Total cash costs (excluding by-product credits)     $   $ 4,309  
Revenues  
  Silver        55.2 %
  Gold        44.8 %
Ounces produced  
  Silver        857  
  Gold        11  
Total cash cost per ounce produced  
  Silver   $   $ 2.77  
  Gold   $   $ 168  

Financial Condition and Liquidity

        At March 31, 2005, we had cash and cash equivalents of $15.6 million and $47.8 million in short-term investments. Our cash requirements have been funded primarily by our existing cash balances and short-term investments held at the beginning of the quarter. Our cash needs over the next nine months will be primarily related to capital expenditures, exploration activities and reclamation expenditures, and will be funded through a combination of current cash, maturities or sales of investments, future cash flows from operations and/or future borrowings or debt or equity security issuances. Although we believe existing cash and cash equivalents are adequate, we cannot project the cash impact of possible future investment opportunities or acquisitions, and our operating properties may require more cash than forecasted.

Operating Activities

        Cash flow from operating activities decreased by $12.0 million in the first quarter of 2005 compared to the same period of 2004, due primarily to a decrease in net income of $9.5 million related to a strike in Mexico and our commitment to exploration, feasibility, and pre-development costs. Working capital changes resulted in positive cash flows totaling $2.1 million for the first quarter of 2005 compared to the same period in 2004, in particular:

    Trade accounts receivable increased by a lesser amount ($3.0 million) in the first quarter of 2005 than in 2004. The difference is attributable to the timing of shipments and collections for the Greens Creek unit, from which large volumes of concentrates are periodically shipped in bulk oceangoing vessels.

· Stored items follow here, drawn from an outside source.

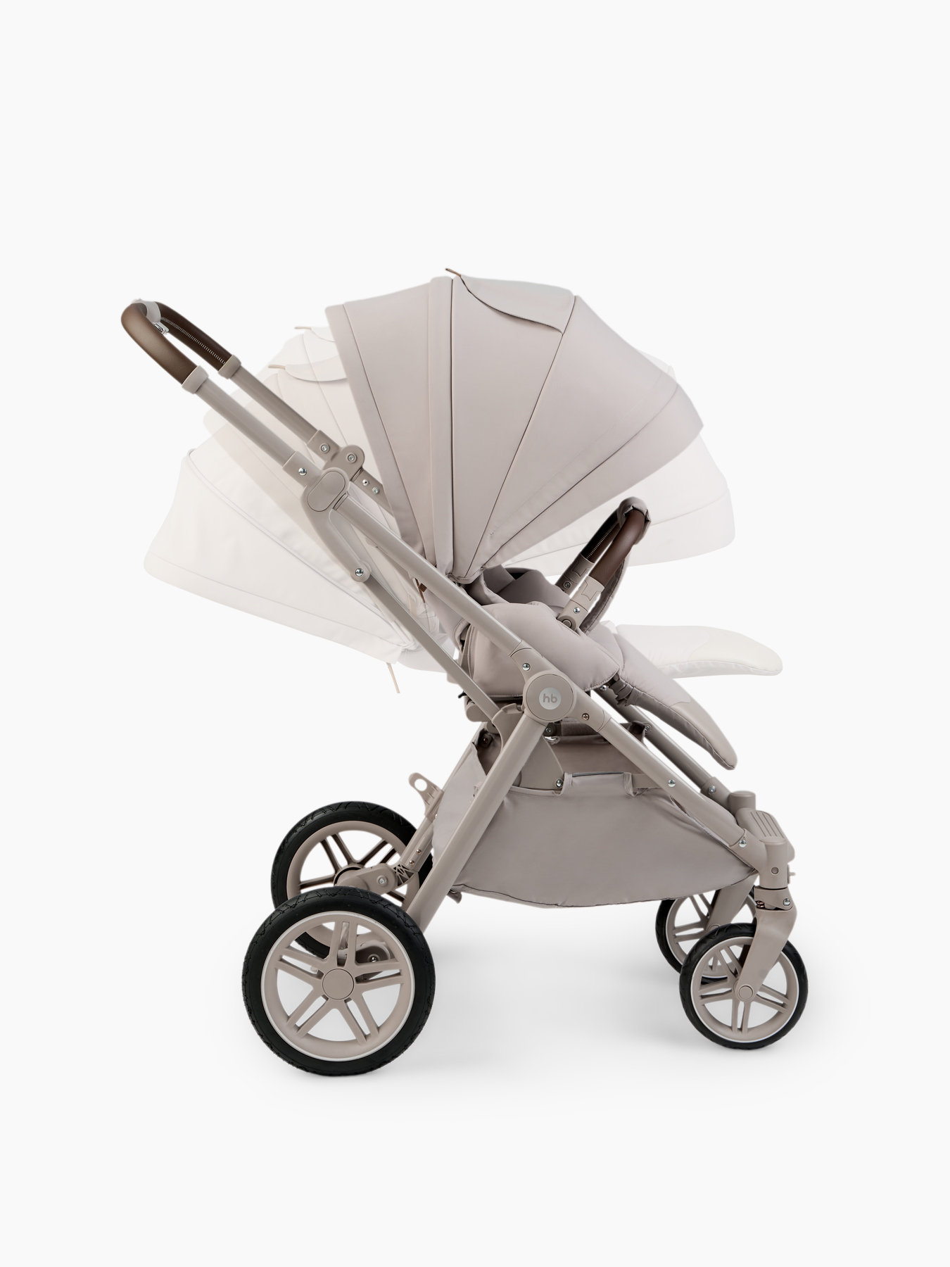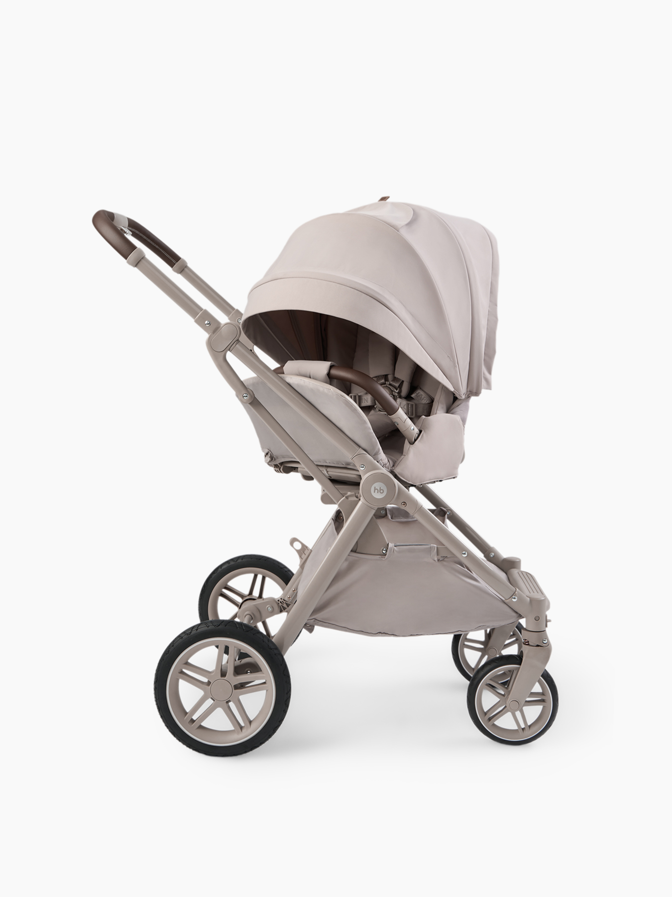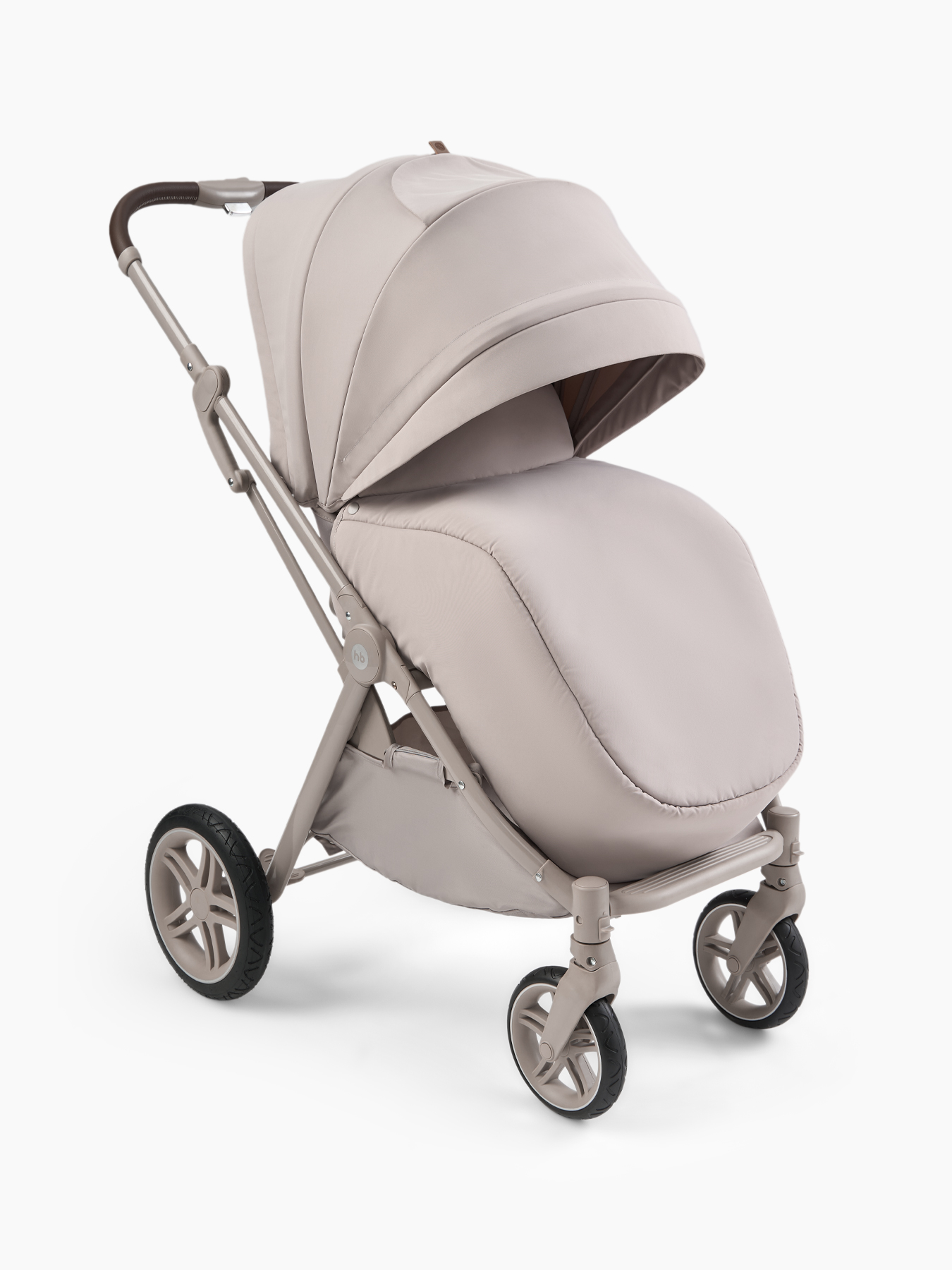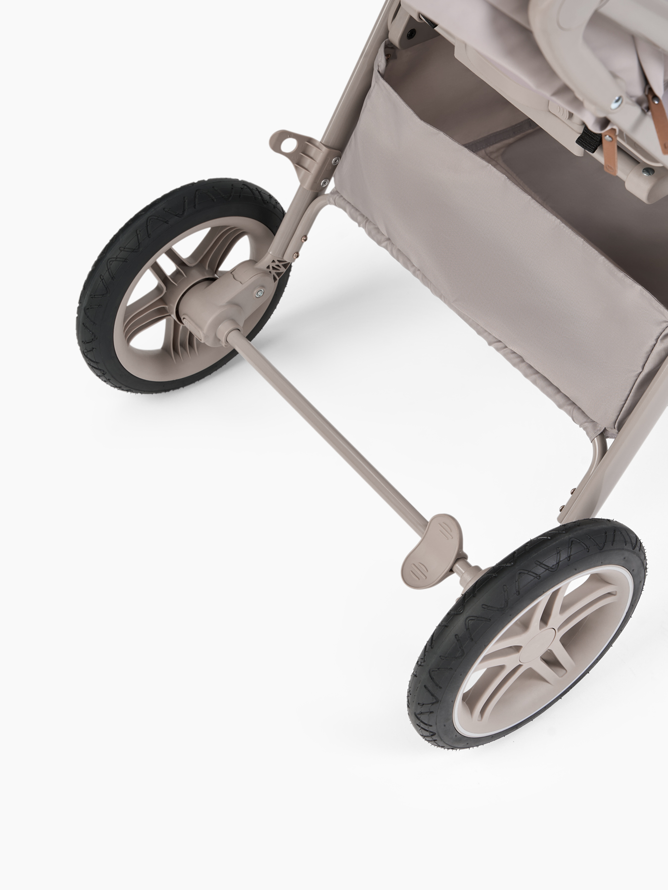 Передние колеса также вращаются на 360° для максимальной маневренности, облегчая управление даже одной рукой. Капюшон с возможностью расширения до бампера надежно защищает от солнца, дождя и ветра. Большая корзина позволит взять с собой все необходимое для прогулки.
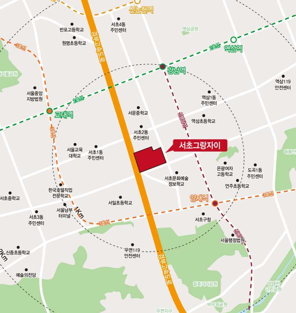 서초그랑자이는 편의점 마트, 병원, 대학교, 공원, 카페 등 다양한 편의시설이 고루 갖춰진 지역에 위치하고 있습니다.
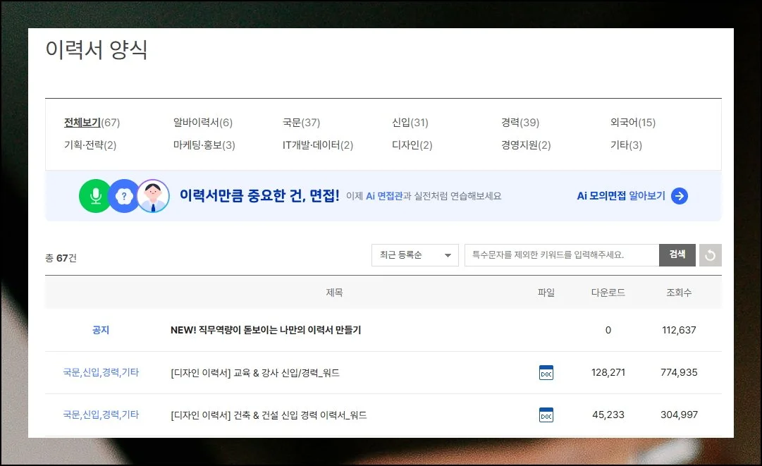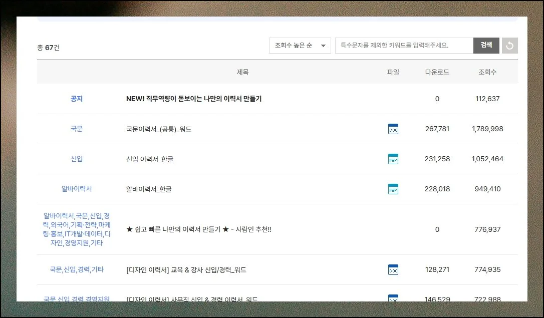 많은 구직자가 실제로 활용한 검증된 서류를 선택하는 게 좋아요. 조회수와 다운로드 횟수를 참고하면 인기 있는 템플릿을 쉽게 발견할 수 있습니다.
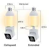 Smart Lighting and Wide 160° View Security Camera - A motion-activated light and security camera are conveniently powered by any light fixture for effortless outdoor protection and automation. Sees more with a 160° wide-view bulb camera for enhanced protection. Telescoping Internal Rod and Manual Adjustable Pan &Tilt, Easy Bluetooth Setup - Extend the camera up to 1.2inch, pan 360° and tilt up to 90° to find just the right angle. This light bulb camera applicable to E26 socket ( 120v 60hz input) and enables Bluetooth setup (No need to scan QR codes.) and works with Alexa/Google Assistant/IFTTT and Wyze Rules for smart home automation. Clear 2K HD Resolution with WDR and Color Night Vision - Protect double the area in greater detail with high-definition clarity. WDR evens out darker and lighter spots in the same scene for a more even picture. Dimmable 800 Lumen LED Bulb - Customize the brightness on these long-lasting LED bulbs to achieve the perfect lighting. 24/7 Local Recording with MicroSD Card* - Don’t miss a thing with continuous local recording to a microSD card up to 256 GB. No subscription required. (*MicroSD cards sold separately. ) Two-Way Audio & Free detection alerts - Speak to people and pets from anywhere right from your smartphone. Get notified on your smartphone when motion and sound are detected. AI Notifications and Descriptive Alerts – With Cam Unlimited Pro (subscription required), customize detection and alerts for People, Pets, Packages, and Vehicles, and receive detailed descriptions of detected events. Group Light Control with Wyze Accessory Bulbs – Expand your smart lighting by pairing up to 5 accessory bulbs for full coverage (Accessory Bulb sold separately). NOTE: The Bulb Cam already features a built-in LED light. Accessory Bulbs are designed to extend lighting coverage or replace existing bulbsfor "Group Light Control", and are only compatible with the Wyze Bulb Cam.
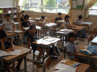 課題を提出していました。並んで順番に机の上へ置いていました。
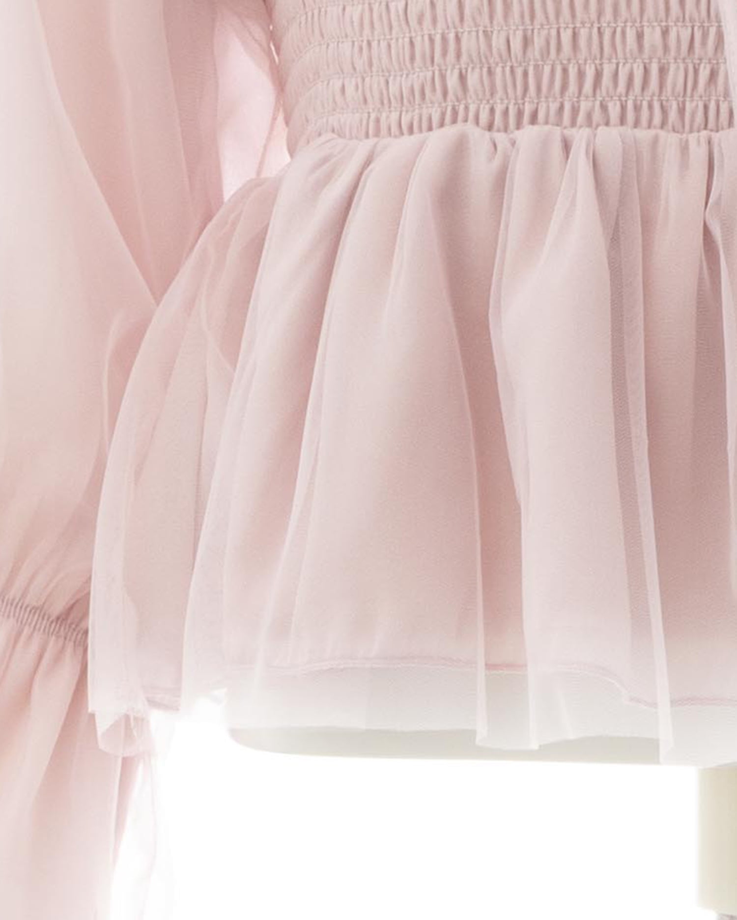 ふんわりとしたボリューミーなシルエットもバスト下のシャーリングでメリハリをプラス。
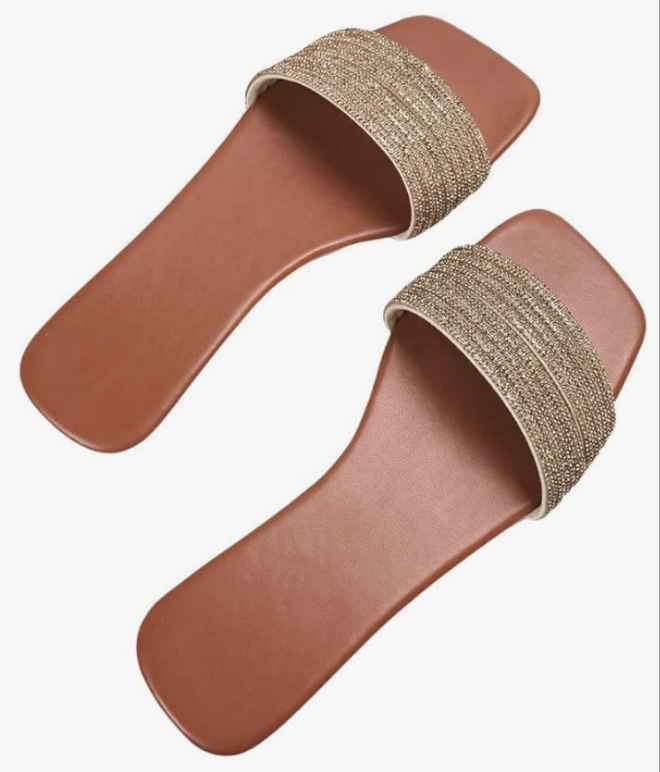 This rhinestone sparkly sandals with ultra-low heels is suitable for your daily commuting and walking, and it is not easy to get tired
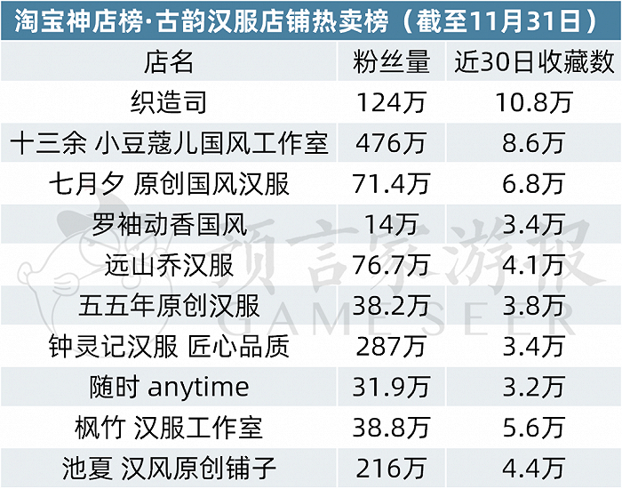 其余入榜店铺分别为七月夕 原创国风汉服、罗袖动香国风、五五年原创汉服、钟灵记汉服 匠心品质、随时 anytime、枫竹 汉服工作室。
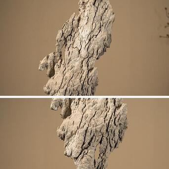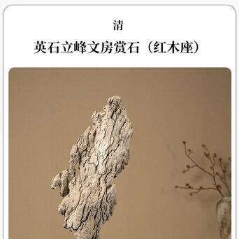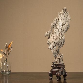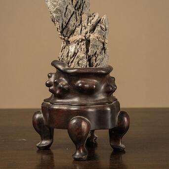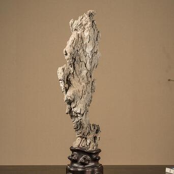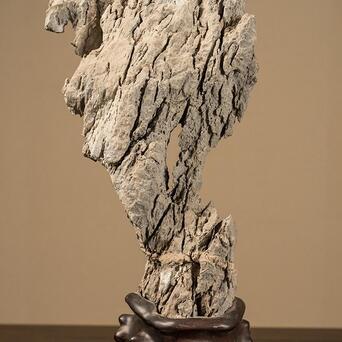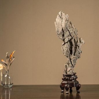 此品立峰,形状奇峻,底部收窄,中部向一侧突出,顶部又偏于内敛,窈窕婀娜,却因石表嶙峋而偏古朴沧桑。细细观之,可见表面沟壑纵横交错,褶皱繁密,天然排列深得自然精华。红木底座承托起整体氛围与气势,同时稳固地架起英石,置放平稳。
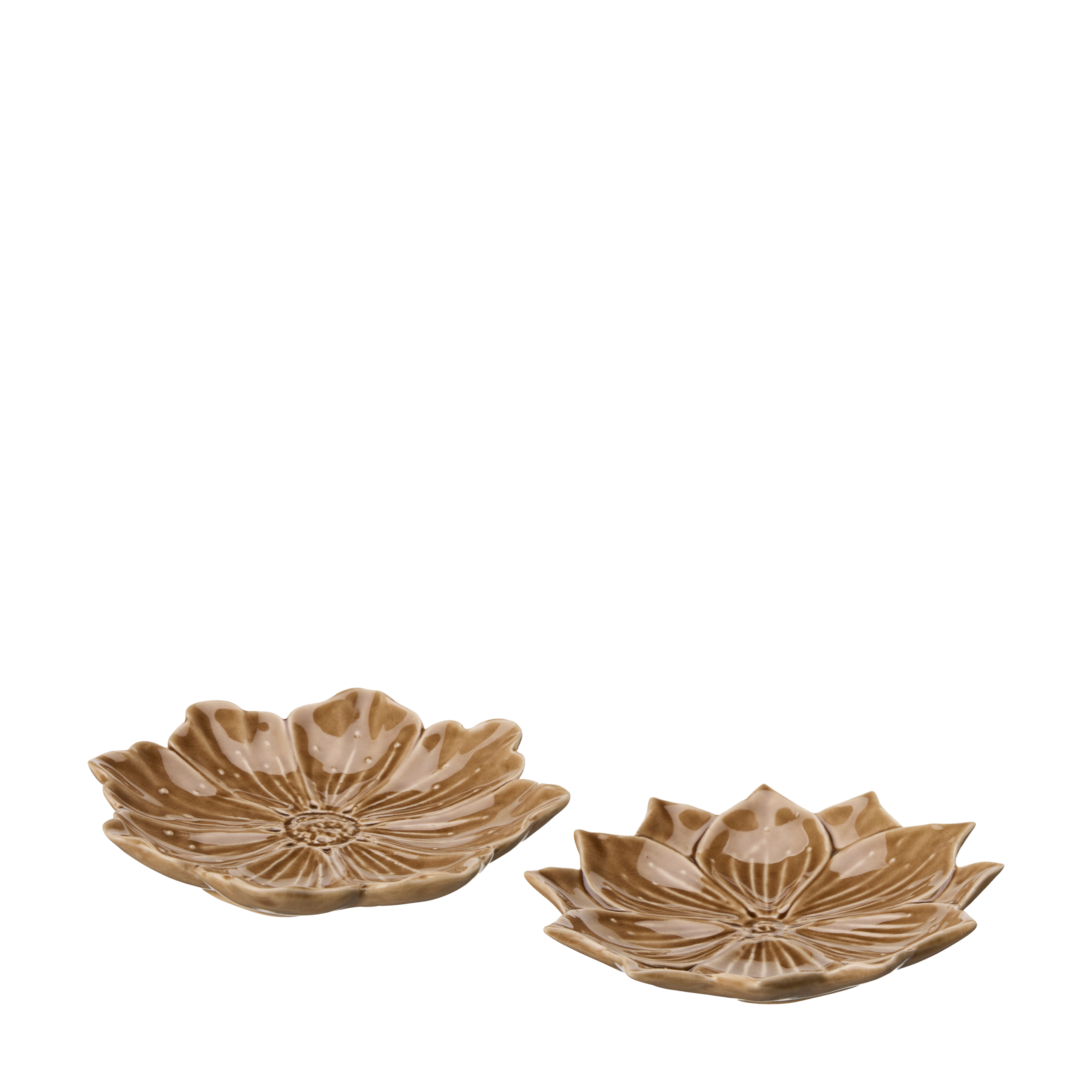 Dekorativt fat i form av en brunmelerad blomma
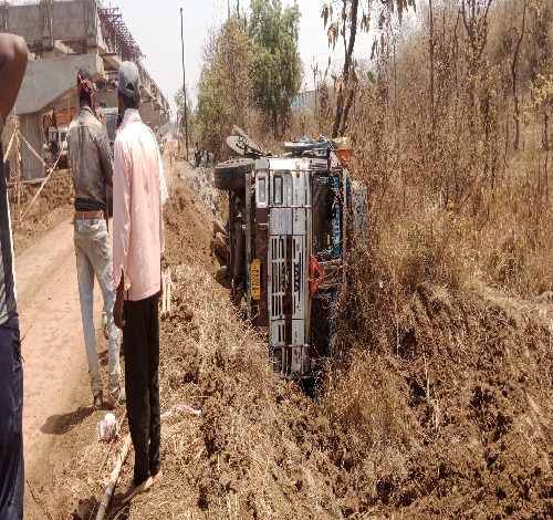ट्रक उलटून मोठा अपघात उडानपुलाच्या कामा मुळे दोन दिवसात दुसरी घटना

    Accounts payable obligations required a lesser amount of cash ($0.7 million) in the first quarter of 2005 than in 2004, due primarily to an $0.8 million interest payment in the first quarter of 2004.

    Prepaid expenses increased less ($0.9 million) in the first quarter of 2005 than in 2004, which was attributable to lower level of deposits required of vendors for materials and services related to capital projects in Venezuela.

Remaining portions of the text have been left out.